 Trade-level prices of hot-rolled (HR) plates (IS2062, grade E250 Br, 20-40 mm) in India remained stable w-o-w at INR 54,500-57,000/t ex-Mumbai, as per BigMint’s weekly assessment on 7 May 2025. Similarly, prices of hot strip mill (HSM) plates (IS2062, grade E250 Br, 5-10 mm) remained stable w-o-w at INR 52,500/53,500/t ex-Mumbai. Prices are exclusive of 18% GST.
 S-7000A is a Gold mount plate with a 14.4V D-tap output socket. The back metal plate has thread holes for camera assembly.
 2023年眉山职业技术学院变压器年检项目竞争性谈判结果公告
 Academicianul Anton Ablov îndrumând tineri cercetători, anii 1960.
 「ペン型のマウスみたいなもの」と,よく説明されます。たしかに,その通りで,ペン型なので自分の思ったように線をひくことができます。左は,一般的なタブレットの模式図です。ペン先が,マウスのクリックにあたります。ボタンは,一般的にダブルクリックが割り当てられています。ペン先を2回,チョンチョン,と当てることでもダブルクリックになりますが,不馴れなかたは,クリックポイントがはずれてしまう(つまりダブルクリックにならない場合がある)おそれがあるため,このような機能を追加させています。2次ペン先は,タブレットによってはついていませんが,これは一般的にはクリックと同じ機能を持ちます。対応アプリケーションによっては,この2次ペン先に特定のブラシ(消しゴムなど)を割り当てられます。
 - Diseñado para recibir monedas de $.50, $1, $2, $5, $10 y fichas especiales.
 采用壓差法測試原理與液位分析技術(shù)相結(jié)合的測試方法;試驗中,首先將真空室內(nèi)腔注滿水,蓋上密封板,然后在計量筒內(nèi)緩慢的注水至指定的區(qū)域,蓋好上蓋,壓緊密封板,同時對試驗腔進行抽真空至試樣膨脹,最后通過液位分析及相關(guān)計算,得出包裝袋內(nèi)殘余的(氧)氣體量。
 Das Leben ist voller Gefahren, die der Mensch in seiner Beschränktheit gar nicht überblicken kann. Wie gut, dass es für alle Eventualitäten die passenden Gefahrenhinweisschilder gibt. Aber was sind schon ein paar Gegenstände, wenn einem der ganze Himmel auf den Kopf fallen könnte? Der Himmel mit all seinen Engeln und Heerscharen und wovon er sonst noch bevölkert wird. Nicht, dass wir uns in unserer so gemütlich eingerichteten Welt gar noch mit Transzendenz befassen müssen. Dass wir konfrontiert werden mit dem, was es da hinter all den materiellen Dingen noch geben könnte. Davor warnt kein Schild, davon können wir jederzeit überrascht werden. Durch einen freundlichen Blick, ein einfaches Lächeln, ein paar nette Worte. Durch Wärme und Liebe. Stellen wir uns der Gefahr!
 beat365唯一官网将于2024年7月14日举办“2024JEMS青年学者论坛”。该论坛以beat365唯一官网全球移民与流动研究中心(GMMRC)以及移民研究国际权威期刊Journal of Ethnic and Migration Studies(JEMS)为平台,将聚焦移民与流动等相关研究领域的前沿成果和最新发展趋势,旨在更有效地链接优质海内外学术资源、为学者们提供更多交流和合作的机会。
===============
- **Exercise aim**:
Restate verbatim all lines from the start of the data through the line containing "采用壓差法測試原理與液位分析", with both ends kept.

- **Exercise response**:
 Trade-level prices of hot-rolled (HR) plates (IS2062, grade E250 Br, 20-40 mm) in India remained stable w-o-w at INR 54,500-57,000/t ex-Mumbai, as per BigMint’s weekly assessment on 7 May 2025. Similarly, prices of hot strip mill (HSM) plates (IS2062, grade E250 Br, 5-10 mm) remained stable w-o-w at INR 52,500/53,500/t ex-Mumbai. Prices are exclusive of 18% GST.
 S-7000A is a Gold mount plate with a 14.4V D-tap output socket. The back metal plate has thread holes for camera assembly.
 2023年眉山职业技术学院变压器年检项目竞争性谈判结果公告
 Academicianul Anton Ablov îndrumând tineri cercetători, anii 1960.
 「ペン型のマウスみたいなもの」と,よく説明されます。たしかに,その通りで,ペン型なので自分の思ったように線をひくことができます。左は,一般的なタブレットの模式図です。ペン先が,マウスのクリックにあたります。ボタンは,一般的にダブルクリックが割り当てられています。ペン先を2回,チョンチョン,と当てることでもダブルクリックになりますが,不馴れなかたは,クリックポイントがはずれてしまう(つまりダブルクリックにならない場合がある)おそれがあるため,このような機能を追加させています。2次ペン先は,タブレットによってはついていませんが,これは一般的にはクリックと同じ機能を持ちます。対応アプリケーションによっては,この2次ペン先に特定のブラシ(消しゴムなど)を割り当てられます。
 - Diseñado para recibir monedas de $.50, $1, $2, $5, $10 y fichas especiales.
 采用壓差法測試原理與液位分析技術(shù)相結(jié)合的測試方法;試驗中,首先將真空室內(nèi)腔注滿水,蓋上密封板,然后在計量筒內(nèi)緩慢的注水至指定的區(qū)域,蓋好上蓋,壓緊密封板,同時對試驗腔進行抽真空至試樣膨脹,最后通過液位分析及相關(guān)計算,得出包裝袋內(nèi)殘余的(氧)氣體量。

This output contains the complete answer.